Owner-managers are finding new banking entrants can sometimes provide same-day lending decisions and better online services than the big high street banks, which are encumbered by numerous layers of internal decision-making processes and legacy technology. Smaller challengers are also able to build a relationship by offering personalised services, both face to face in branches and in back offices where loan decisions are taken.
A new breed of banks
“Some challengers are presenting themselves as more customer-focused, and embedding a fair and ethical culture in their approach to banking,” says Warren Mead, KPMG’s head of challenger banking. “The scale benefits that should be gained by the big five [banks] have been partly eroded by unwieldy legacy IT systems, regulatory change, costly real estate and compliance issues.”
Strong relationships built on mutual trust between lenders and borrowers will be the foundation of future lending growth, according to Carl D’Ammassa, director of business finance at Aldermore. “During the downturn, SMEs saw their funding lines removed or they were declined for new lending, eroding trust in the lenders they had relied on. Understandably this made them wary about using external finance, a distrust they are only now overcoming.”

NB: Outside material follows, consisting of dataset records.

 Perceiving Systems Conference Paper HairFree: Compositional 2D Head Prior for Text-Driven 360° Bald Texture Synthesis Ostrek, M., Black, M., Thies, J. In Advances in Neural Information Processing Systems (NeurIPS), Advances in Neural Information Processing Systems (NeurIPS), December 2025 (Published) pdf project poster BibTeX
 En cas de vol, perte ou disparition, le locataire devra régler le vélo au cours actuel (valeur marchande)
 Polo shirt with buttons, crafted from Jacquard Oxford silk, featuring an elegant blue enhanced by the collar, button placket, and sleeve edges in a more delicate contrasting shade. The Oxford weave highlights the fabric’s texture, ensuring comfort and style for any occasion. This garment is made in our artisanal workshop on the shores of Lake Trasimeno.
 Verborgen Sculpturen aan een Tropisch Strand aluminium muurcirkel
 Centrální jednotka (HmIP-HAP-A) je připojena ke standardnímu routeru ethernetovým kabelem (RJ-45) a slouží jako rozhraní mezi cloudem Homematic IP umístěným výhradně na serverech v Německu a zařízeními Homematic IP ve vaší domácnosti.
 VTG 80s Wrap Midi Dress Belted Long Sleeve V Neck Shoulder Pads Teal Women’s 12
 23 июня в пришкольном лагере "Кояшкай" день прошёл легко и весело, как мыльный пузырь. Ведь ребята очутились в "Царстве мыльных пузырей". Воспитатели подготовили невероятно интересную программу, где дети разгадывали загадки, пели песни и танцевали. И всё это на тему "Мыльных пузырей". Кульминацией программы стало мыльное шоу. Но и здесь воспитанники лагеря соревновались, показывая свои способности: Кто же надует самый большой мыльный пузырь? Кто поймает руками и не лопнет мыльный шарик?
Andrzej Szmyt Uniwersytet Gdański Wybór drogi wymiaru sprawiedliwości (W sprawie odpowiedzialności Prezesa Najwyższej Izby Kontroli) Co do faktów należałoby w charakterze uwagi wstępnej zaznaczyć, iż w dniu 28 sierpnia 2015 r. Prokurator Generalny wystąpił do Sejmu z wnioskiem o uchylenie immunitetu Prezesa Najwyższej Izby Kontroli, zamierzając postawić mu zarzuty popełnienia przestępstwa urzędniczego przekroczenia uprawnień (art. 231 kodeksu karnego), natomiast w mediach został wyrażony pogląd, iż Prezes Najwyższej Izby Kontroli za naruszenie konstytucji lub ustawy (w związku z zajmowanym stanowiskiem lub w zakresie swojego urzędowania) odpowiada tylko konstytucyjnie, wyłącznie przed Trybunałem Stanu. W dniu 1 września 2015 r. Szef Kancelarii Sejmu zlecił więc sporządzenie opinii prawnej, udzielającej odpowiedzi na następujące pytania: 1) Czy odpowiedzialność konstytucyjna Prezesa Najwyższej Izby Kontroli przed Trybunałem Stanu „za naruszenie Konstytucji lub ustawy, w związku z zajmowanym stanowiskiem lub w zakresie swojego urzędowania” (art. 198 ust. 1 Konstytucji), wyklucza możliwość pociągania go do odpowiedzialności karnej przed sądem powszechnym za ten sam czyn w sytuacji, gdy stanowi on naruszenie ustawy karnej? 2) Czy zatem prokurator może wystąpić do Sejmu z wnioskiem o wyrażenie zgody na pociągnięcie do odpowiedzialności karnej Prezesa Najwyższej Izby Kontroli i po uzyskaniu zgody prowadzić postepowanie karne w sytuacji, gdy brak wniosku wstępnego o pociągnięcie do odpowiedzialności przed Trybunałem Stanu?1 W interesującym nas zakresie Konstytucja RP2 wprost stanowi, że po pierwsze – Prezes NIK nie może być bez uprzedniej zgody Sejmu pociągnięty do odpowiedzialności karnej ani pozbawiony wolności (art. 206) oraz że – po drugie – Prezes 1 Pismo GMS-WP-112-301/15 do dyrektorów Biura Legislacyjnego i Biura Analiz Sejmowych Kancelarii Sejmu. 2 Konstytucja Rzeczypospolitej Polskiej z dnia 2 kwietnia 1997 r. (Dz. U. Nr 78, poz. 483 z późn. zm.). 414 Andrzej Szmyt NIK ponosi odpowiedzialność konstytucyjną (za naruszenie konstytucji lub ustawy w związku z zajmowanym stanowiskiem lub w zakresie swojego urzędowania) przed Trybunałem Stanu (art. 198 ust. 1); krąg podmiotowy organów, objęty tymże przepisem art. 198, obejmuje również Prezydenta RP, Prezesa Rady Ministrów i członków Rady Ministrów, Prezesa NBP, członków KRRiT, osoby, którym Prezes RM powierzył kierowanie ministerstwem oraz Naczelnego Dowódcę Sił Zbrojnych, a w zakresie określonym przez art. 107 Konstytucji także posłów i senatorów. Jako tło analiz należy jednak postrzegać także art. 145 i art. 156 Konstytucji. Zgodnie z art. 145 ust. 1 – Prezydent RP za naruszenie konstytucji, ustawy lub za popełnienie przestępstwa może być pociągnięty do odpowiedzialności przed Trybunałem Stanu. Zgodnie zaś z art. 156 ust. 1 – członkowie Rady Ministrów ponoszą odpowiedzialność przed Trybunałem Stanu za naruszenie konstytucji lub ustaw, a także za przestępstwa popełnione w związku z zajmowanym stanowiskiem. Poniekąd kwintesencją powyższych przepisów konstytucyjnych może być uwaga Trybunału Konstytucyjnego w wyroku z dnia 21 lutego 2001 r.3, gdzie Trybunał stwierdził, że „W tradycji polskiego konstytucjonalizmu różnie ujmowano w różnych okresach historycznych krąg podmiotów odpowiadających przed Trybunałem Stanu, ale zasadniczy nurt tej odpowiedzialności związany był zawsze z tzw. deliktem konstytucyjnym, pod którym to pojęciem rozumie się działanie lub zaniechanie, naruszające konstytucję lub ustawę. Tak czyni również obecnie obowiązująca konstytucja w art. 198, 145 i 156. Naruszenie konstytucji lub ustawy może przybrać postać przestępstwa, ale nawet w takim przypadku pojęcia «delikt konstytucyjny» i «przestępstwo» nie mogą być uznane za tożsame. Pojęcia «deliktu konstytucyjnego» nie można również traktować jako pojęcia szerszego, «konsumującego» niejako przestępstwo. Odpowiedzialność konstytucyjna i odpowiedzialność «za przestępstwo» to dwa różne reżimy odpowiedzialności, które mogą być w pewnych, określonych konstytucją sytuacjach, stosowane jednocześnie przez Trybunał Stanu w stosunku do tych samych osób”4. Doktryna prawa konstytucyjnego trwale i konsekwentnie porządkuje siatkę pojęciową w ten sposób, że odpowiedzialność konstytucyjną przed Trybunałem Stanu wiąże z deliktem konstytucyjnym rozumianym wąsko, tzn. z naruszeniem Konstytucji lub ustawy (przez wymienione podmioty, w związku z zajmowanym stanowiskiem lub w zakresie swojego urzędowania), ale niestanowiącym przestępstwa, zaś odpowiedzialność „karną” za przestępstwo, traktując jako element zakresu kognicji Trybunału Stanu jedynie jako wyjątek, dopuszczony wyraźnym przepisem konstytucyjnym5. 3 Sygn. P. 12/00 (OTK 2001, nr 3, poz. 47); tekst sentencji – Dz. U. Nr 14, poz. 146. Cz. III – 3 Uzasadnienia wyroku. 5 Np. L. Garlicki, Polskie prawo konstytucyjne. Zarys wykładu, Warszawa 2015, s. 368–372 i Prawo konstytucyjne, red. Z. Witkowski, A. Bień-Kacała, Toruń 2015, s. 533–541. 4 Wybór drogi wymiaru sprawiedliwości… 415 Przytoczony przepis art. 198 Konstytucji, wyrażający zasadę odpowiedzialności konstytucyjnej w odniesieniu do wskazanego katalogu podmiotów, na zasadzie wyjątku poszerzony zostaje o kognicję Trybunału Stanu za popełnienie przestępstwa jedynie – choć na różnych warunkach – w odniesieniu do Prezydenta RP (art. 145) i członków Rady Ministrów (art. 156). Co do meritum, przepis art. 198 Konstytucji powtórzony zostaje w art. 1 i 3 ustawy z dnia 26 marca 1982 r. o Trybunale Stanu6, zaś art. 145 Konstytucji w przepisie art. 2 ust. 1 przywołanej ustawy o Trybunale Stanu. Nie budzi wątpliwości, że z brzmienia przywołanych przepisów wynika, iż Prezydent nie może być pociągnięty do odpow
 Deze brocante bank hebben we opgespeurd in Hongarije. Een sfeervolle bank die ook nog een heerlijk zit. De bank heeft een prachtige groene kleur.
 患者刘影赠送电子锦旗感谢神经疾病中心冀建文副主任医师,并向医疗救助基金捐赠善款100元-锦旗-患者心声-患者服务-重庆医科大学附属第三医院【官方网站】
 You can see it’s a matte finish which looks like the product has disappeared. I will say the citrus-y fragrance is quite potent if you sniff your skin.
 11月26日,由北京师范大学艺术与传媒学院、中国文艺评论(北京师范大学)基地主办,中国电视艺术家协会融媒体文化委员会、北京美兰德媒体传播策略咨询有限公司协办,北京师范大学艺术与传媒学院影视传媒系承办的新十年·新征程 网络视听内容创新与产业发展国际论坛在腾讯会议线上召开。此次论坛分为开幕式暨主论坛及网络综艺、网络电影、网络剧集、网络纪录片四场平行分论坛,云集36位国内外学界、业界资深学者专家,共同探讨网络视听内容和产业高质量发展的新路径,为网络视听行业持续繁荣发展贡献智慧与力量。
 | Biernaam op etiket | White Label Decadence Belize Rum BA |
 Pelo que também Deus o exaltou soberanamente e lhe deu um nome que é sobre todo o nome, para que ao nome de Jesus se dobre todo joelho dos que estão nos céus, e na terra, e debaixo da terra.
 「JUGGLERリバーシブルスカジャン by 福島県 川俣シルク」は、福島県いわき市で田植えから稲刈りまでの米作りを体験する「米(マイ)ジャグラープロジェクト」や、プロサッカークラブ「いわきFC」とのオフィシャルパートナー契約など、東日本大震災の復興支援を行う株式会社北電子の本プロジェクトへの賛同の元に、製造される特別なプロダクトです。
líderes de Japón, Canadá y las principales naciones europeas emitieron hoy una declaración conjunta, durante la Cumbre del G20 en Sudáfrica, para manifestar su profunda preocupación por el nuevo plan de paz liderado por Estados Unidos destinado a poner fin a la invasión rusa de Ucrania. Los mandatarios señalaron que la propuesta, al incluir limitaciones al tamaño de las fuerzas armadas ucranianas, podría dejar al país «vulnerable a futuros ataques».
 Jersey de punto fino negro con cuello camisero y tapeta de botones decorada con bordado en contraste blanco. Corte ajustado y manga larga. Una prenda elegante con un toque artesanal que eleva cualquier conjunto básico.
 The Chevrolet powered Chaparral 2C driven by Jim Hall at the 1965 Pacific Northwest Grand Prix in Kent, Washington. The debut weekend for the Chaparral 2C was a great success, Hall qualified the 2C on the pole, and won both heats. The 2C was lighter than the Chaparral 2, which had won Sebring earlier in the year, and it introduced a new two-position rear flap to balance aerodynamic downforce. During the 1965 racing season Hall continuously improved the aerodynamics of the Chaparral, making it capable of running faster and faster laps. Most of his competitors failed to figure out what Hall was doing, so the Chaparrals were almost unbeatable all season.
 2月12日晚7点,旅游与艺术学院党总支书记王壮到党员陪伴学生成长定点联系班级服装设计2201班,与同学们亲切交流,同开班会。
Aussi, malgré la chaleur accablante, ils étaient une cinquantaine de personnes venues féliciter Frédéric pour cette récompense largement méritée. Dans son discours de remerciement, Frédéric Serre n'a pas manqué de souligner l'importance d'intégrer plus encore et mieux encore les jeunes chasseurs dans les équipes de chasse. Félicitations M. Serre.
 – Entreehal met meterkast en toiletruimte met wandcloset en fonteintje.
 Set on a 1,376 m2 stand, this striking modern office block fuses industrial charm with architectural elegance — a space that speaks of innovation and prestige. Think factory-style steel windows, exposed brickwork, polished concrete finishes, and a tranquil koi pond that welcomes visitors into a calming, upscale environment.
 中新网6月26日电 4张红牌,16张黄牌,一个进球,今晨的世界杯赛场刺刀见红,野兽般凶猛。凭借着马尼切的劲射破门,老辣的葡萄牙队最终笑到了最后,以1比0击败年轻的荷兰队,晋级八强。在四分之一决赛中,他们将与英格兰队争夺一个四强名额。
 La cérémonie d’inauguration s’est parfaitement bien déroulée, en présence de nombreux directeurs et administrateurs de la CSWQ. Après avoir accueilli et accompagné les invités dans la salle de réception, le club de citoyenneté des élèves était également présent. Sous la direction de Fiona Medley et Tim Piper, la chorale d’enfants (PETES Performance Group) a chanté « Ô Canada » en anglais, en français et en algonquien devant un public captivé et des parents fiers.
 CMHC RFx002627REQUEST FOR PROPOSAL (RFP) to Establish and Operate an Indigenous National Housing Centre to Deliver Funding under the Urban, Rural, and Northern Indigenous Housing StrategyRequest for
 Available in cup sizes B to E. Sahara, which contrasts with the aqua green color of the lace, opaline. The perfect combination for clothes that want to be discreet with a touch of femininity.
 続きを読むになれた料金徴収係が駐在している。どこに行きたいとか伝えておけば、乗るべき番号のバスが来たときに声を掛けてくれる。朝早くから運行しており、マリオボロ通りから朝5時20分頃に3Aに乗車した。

Thomas Parry, research manager at the Forum of Private Business, agrees. “The fall-out from the financial crisis created a perfect storm. Banks were foreclosing what many believed were viable businesses, and owner-managers had their houses and even their health and personal life on the line. It created a trust issue that would last a decade.”
But banks are working hard to renew relationships. For example, after a recent conversation with his bank manager, one local retailer was unexpectedly offered finance to buy the premises he had been renting for many years. “He was gobsmacked – and he is considering the purchase as it could be part of his pension,” says James Cliffe, head of business banking at HSBC. “We see too many entrepreneurs who think that the banks won’t lend to a company like theirs – and we need to break that myth.”
Owner-managers can help themselves by learning how to present their loan applications. “We know that accountancy firms are hiring former banking advisers to help clients speak the same language as lenders and improve their chances of success,” Mr Parry adds.
Trust is hard won and quickly lost, as financial institutions have discovered. But for owner-managers, the good news is new relationships could be just around the corner.